# [Extracted entries]
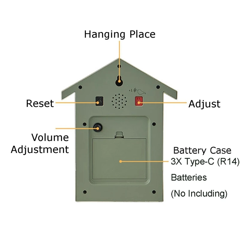 ● Окно автоматически открывается ежечасно, cuckoo будет прыгать и говорить «Cuckoo» в то же время, после окончания времени отчета, cuckoo возвращается, окно закрывается. (Примечание: 1 час, милый, называемый «Cuco», как только крыло открывается один раз. Пример: В 5: 00 вечера милые пять звуков «Cuco» одновременно расширяют крылья пять раз.)
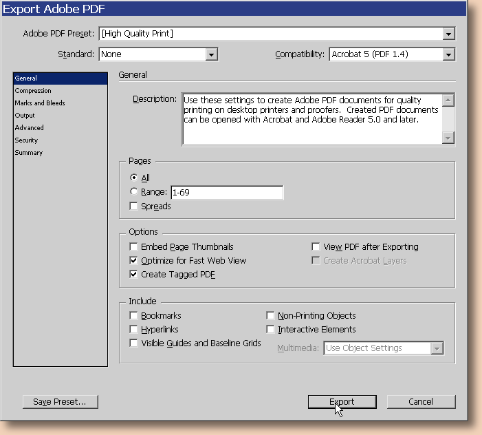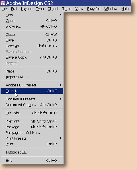 Yksi erittäin käyttökelpoinen ominaisuus Indesignissa on se, että se kykenee tuottamaan pdf-tiedostoja. Pdf-tiedostoihin olet varmaankin törmännyt netissä ja yksi sen käyttömuodoista onkin julkaisujen levittäminen netin välityksellä, mihin toimeen tiedostomuoto on mitä erinomaisin. Sitä voi myös käyttää julkaisun siirtämiseen toiselle koneelle tulostusta varten ja kaikki vähänkin isommat julkaisut kannattaa koetulostaa tekemällä niistä ensin pdf-tiedosto, sillä siinä paljastuvat useimmat dokumentin rakenteelliset ongelmat. Pdf-tiedoston tekeminen aloitetaan valitsemalla File --> Export:
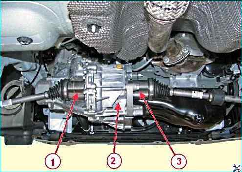 Выбиваем и выводим внутренние шарниры приводов 1 и 3, рисунок 27, передних колес из шестерен полуосей дифференциала коробки 2 передач и устанавливаем на их место транспортные заглушки.
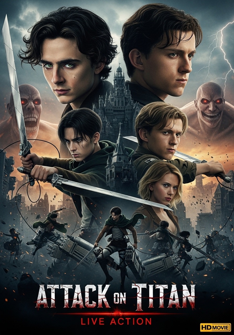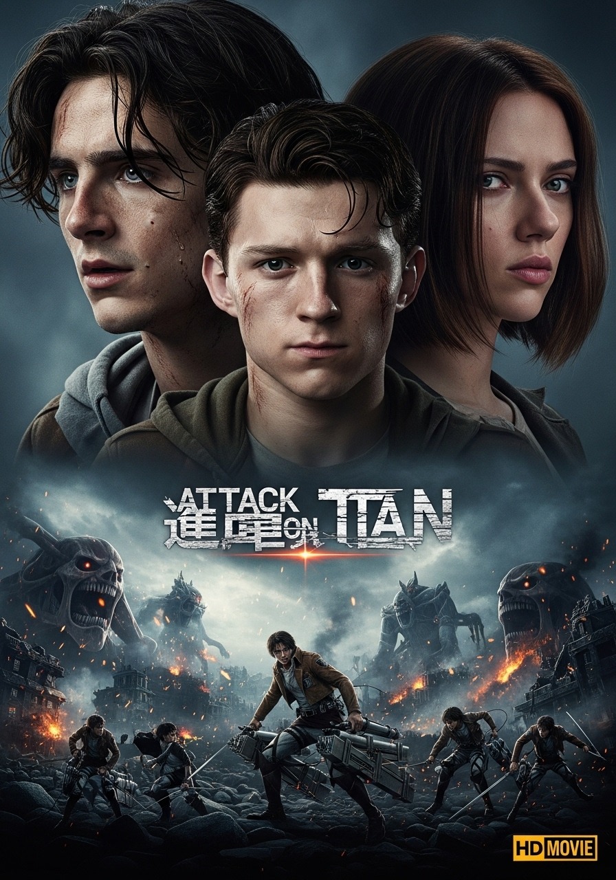 Timothée Chalamet embodies Eren Yeager, a young man consumed by vengeance and driven by the dream of freedom beyond the walls. His fiery determination is matched by Scarlett Johansson, portraying a battle-hardened soldier whose courage and sacrifice becomes the backbone of humanity’s resistance. Tom Holland brings depth and vulnerability to the role of a skilled but conflicted fighter, torn between loyalty, fear, and the hope for a future that seems impossible.
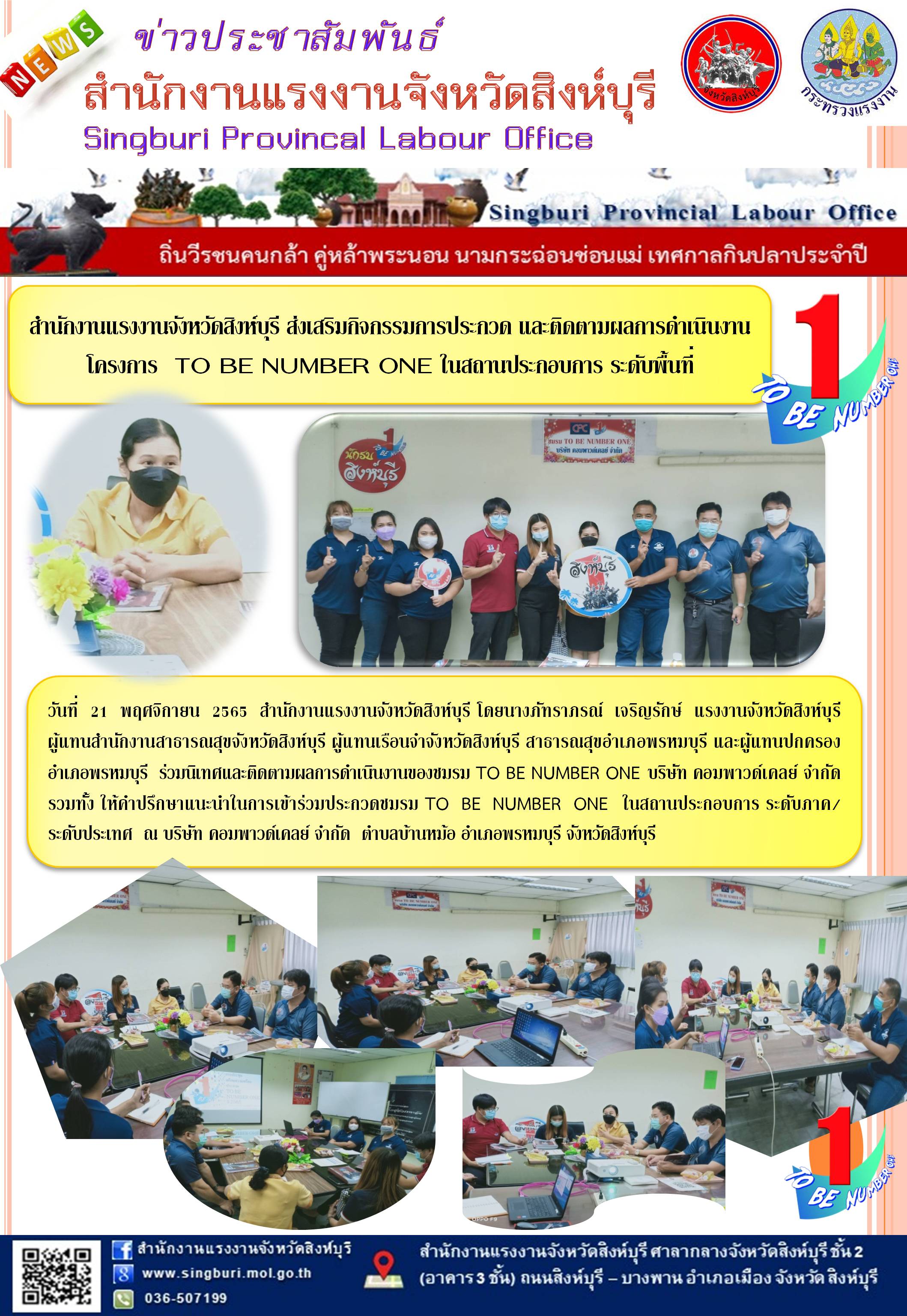 สำนักงานแรงงานจังหวัดสิงห์บุรี ส่งเสริมการประกวดและติดตามผลการดำเนินงาน โครงการ to be number one ในสถานประกอบการระดับพื้นที่

# [Exercise details]
Copy nothing but the lines from the one containing "Выбиваем и выводим" through the last line of the listing above, transcribed exactly and with no pictures.

# [Output for this task]
 Выбиваем и выводим внутренние шарниры приводов 1 и 3, рисунок 27, передних колес из шестерен полуосей дифференциала коробки 2 передач и устанавливаем на их место транспортные заглушки.
 Timothée Chalamet embodies Eren Yeager, a young man consumed by vengeance and driven by the dream of freedom beyond the walls. His fiery determination is matched by Scarlett Johansson, portraying a battle-hardened soldier whose courage and sacrifice becomes the backbone of humanity’s resistance. Tom Holland brings depth and vulnerability to the role of a skilled but conflicted fighter, torn between loyalty, fear, and the hope for a future that seems impossible.
 สำนักงานแรงงานจังหวัดสิงห์บุรี ส่งเสริมการประกวดและติดตามผลการดำเนินงาน โครงการ to be number one ในสถานประกอบการระดับพื้นที่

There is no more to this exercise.